Matthaeus: The highs and lows
“He's the best rival I ever had. I guess that's enough to define him,” Diego Maradona wrote in his autobiography about the German who was his immediate midfield adversary in two World Cup finals.
The personal battle finished Lothar Matthaeus 1-1 Diego Maradona, with West Germany's title at Italia '90 equalising Argentina's at Mexico '86. In Italy, Matthaeus was by far the outstanding player of the tournament, his athleticism, power and determination making him the apex of a box-to-box midfielder.
Matthaeus also holds the record for most games played at the World Cup. His 25 matches played over five tournaments (1982 to 1998) is probably unbeatable. Only one other player has appeared in five, Mexico's Antonio Carbajal, a goalkeeper who participated in just 11 matches from 1950 to 1966.
From the pair of matches played in 1982 as a young defensive midfielder to his final appearance as a deep-lying defender at France '98, each World Cup saw a different Matthaeus. However, that constant presence did not necessarily make German hearts grow fonder; for all his achievements, Matthaeus inspires a mixed reception -- at best.

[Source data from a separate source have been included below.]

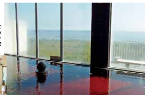
透き通った琥珀色のとっても濃いお湯。▼家庭でも温泉を楽しめる「美人晩成」シリーズ。小袋入浴剤はなんと60円!

まずは体を温めよう 帯広駅から車で約1時間10分、太平洋を望む海沿いに晩成温泉①があります。十勝管内で太平洋を望める温泉は晩成温泉だけ。澄み切った海と空の青、海に浮かぶ満月、満点の星空...その眺めの良さもさることながら、ここの温泉、体がとっても温まるんです! その理由はヨード。晩成温泉は日本で有数の濃度を誇る「ヨード泉」なのです。消毒薬にも使われるヨードは殺菌効果や保温効果が高いのだそう。温泉に通う地域の方たちからは「ここの温泉に入っていると風邪ひとつ引かないよ」との声も。また、近くの海跡湖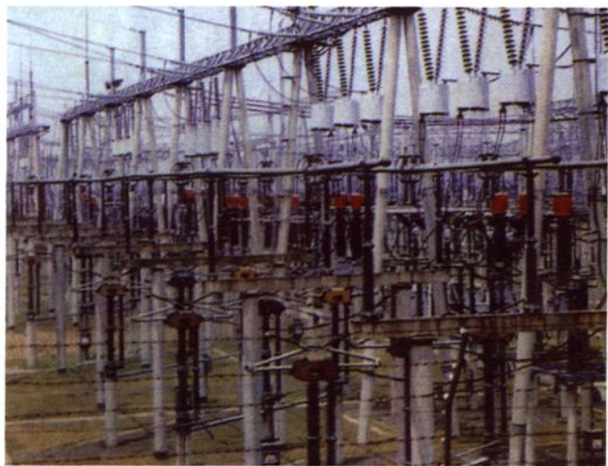
1988年，车墩110千伏变电站建成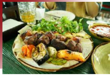
融合中/朝/俄三國風味 海參崴遠東料理

海參崴位於中、朝、俄三國交界處，多元文化融合下形成了獨樹一格的料理特色，行程特別帶您來品嚐海參崴的遠東料理，讓您一次嘗盡三國的美味。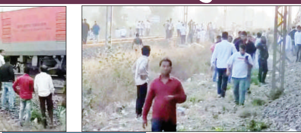
बढ़ सकता है मौत का आंकड़ा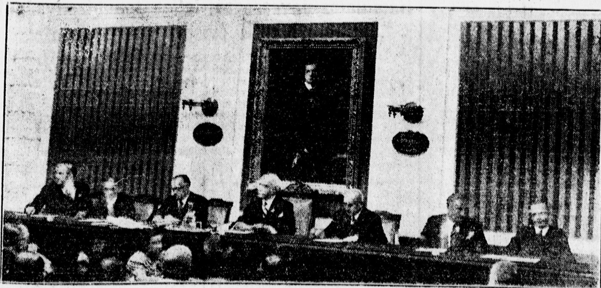
A Kereskedelmi és Iparkamara ünnepélyes közgyűlés keretében leplezte le a Kormányzó arcképét

— Kárpátalja 2.000 méterig feltornyosuló hegysorainak hatalmas erdőségei, fenyvesekkel borított hegyoldalai és azok ózondús és balzsamos levegője nagyszerű újra erősítője lesz a magyar egészségnek és az egész hegyvidék pompás edzőhelye a magyar erőnek. Lehetetlen ezt szavakba önteni és soha egyetlen magyar ember nem felejtí el azokat a magasztos érzéseket, amelyeket a felejtethet-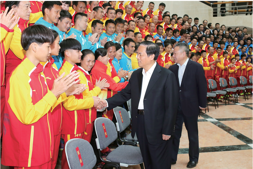
12月26日下午,海南省参加第十三届全国运动会总结表彰大会在海口举行。省委书记、省人大常委会主任刘赐贵,省委副书记、省长沈晓明会见了我省获奖运动员、教练员和体育“双先”代表。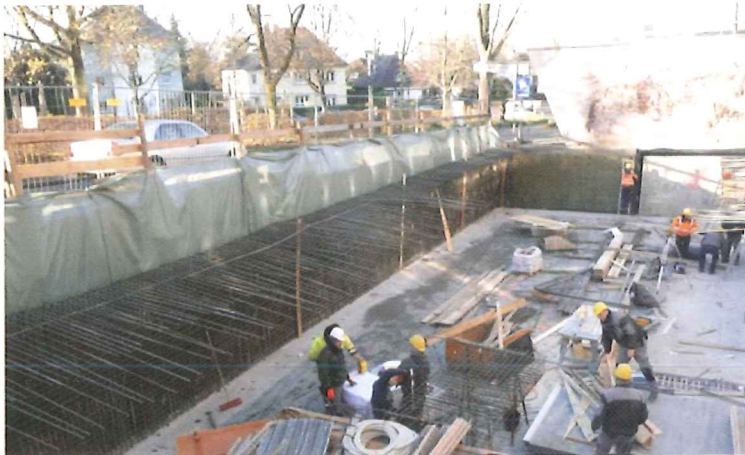
Arbeiten auf der Zwischendecke

Körnerstraße 25 · D-76135 Karlsruhe Telefon: 0721 / 985 74 - 0 · Fax: 0721 / 985 74 - 99

“The strange thing is his reputation is much bigger outside Germany,” said Uli Hesse, who once ran Matthaeus' website for him and was his regular ghostwriter. “People outside Germany tend to focus on what he has done on the pitch, but as a German, you cannot have one without the other. There is another side to him.”
Through the years, Matthaeus has fallen out with just about everybody, from a civil war with Jurgen Klinsmann over the Bayern Munich captaincy that stopped him playing at Euro '96 to a row over a Bayern testimonial that led to club president Uli Hoeness saying he would not even employ Matthaeus as a “greenkeeper.”
The player of Italia '90 is how Matthaeus is best remembered -- a goal against Yugoslavia in West Germany's opening match his finest highlight. Setting off from deep in his own half, he powered on, a shimmy beyond a pair of Yugoslav defenders buying him space to lash in a left-footed shot to score his second of the game and the Germans' third.
“That's probably a key moment to realise what he could do, and it kick-started the whole tournament for Germany,” said Hesse. “We knew where we stood, once that ball went in. Everything was going to be OK.”
With Matthaeus dominating midfield battles, West Germany's progress to the final was serene. A rematch with Argentina, who had beaten them in the final of Mexico '86, awaited in Rome's showpiece.
Matthaeus dominated the final, won 1-0 by an Andreas Brehme penalty that the skipper passed up the chance to take. Captain marvel Matthaeus lifted the trophy while Maradona sobbed tears of disappointment.
Matthaeus would return, but as a very different player after suffering a cruciate ligament rupture playing for Inter in 1991. He inherited the sweeper role that was once Beckenbauer's but was not nearly as successful as his mentor. USA '94 saw Germany shocked 2-1 by Bulgaria in the quarterfinals and at France '98 by Croatia, who ran riot 3-0 in a quarterfinal that cruelly exposed the slowness of the ageing captain.
It was a sad way to end the longest World Cup career of all, one that in 1990 scaled the very heights.